**ACTIVITY**
Exclude all pictures. Then restate, word for word, the entries from the first line through the line that contains "3年生の総合的な学習の時間で".

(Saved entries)

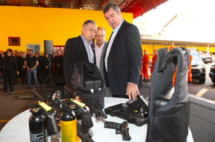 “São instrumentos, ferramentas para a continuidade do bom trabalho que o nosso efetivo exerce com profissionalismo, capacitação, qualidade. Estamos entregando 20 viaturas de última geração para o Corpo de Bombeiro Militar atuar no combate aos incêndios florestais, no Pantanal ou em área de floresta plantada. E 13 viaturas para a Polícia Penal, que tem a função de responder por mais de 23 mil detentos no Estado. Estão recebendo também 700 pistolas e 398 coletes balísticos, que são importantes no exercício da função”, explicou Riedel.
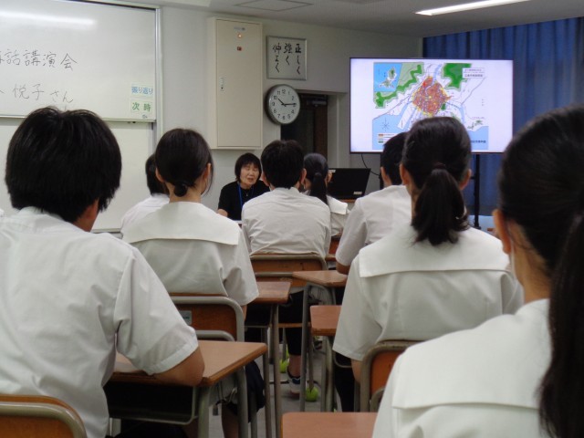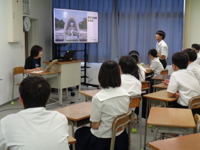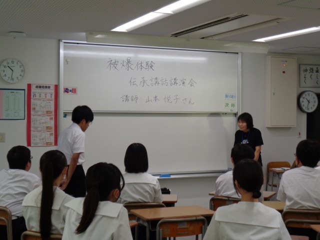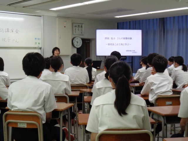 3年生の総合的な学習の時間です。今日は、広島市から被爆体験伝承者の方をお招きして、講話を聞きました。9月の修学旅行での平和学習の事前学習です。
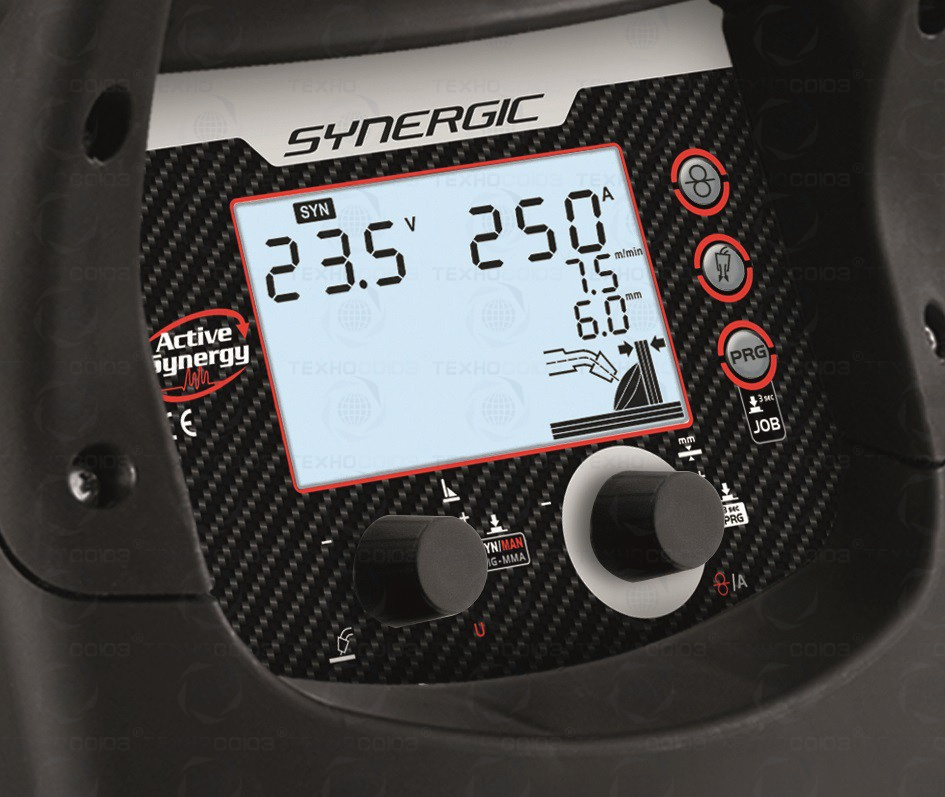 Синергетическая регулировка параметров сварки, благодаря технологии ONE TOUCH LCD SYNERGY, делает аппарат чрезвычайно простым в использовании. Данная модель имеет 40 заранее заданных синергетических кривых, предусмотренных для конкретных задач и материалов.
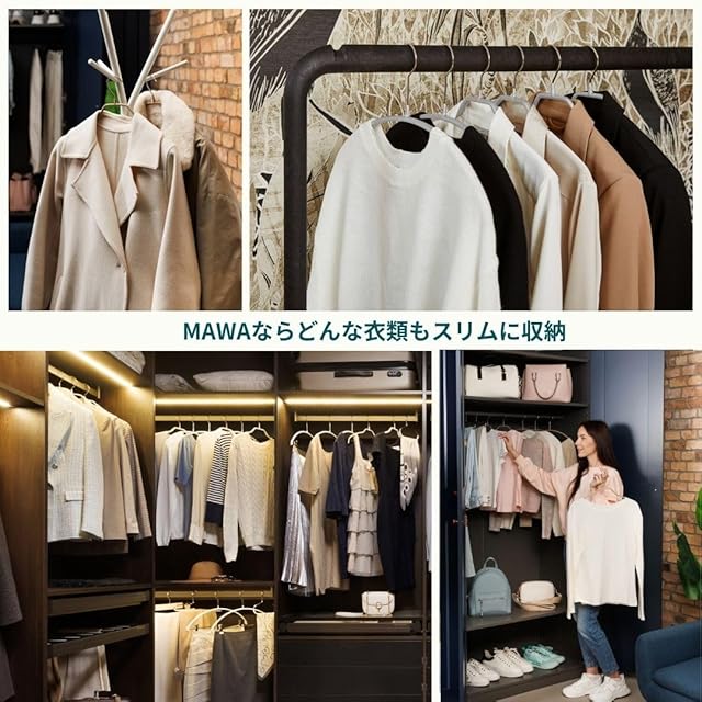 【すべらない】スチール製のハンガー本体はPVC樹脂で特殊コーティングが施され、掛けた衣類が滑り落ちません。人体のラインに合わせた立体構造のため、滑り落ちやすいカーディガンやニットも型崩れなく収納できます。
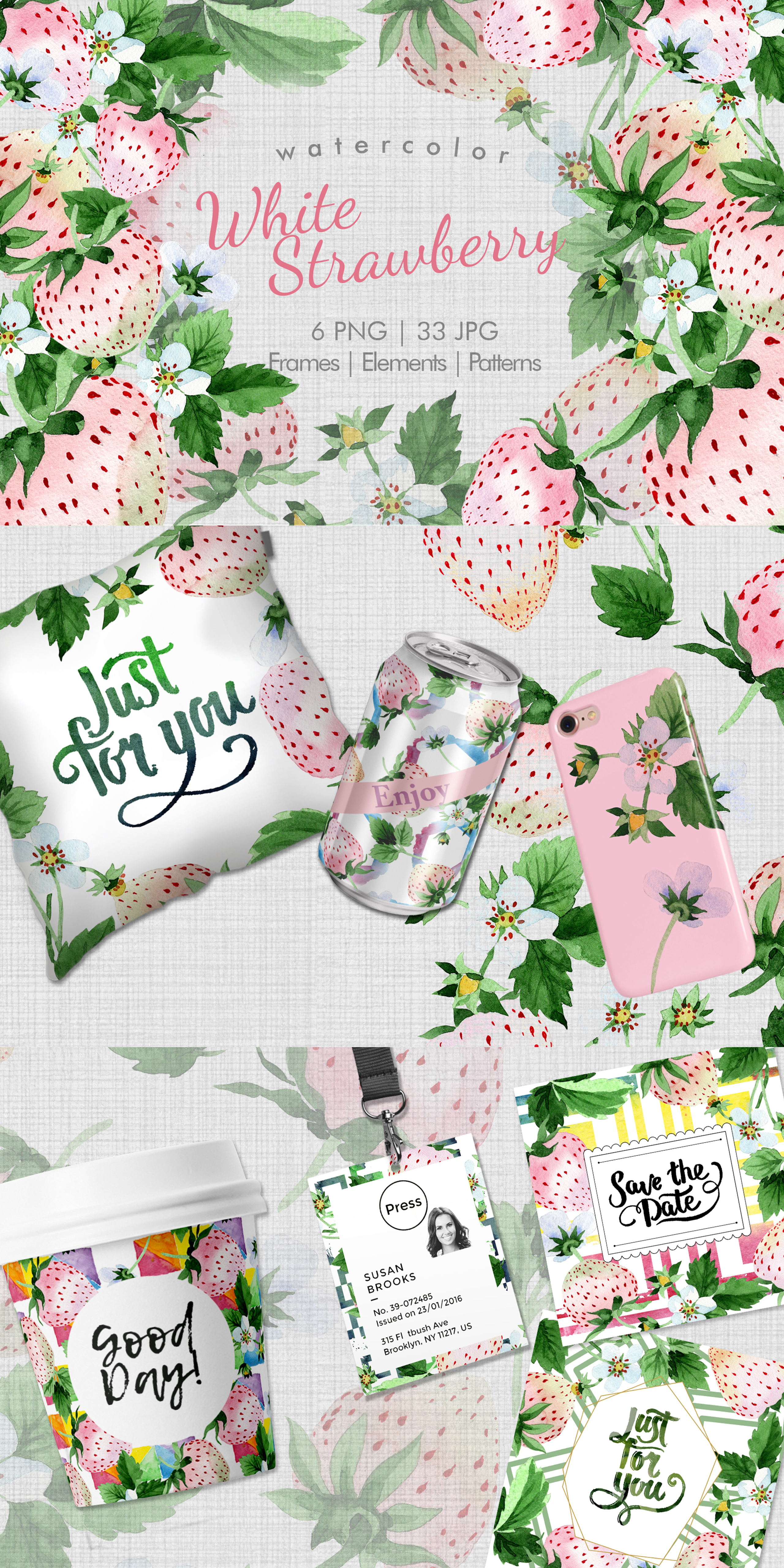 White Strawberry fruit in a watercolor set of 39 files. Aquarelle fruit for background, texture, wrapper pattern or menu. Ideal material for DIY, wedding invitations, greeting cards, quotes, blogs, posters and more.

**WRITTEN RESPONSE**
 “São instrumentos, ferramentas para a continuidade do bom trabalho que o nosso efetivo exerce com profissionalismo, capacitação, qualidade. Estamos entregando 20 viaturas de última geração para o Corpo de Bombeiro Militar atuar no combate aos incêndios florestais, no Pantanal ou em área de floresta plantada. E 13 viaturas para a Polícia Penal, que tem a função de responder por mais de 23 mil detentos no Estado. Estão recebendo também 700 pistolas e 398 coletes balísticos, que são importantes no exercício da função”, explicou Riedel.
 3年生の総合的な学習の時間です。今日は、広島市から被爆体験伝承者の方をお招きして、講話を聞きました。9月の修学旅行での平和学習の事前学習です。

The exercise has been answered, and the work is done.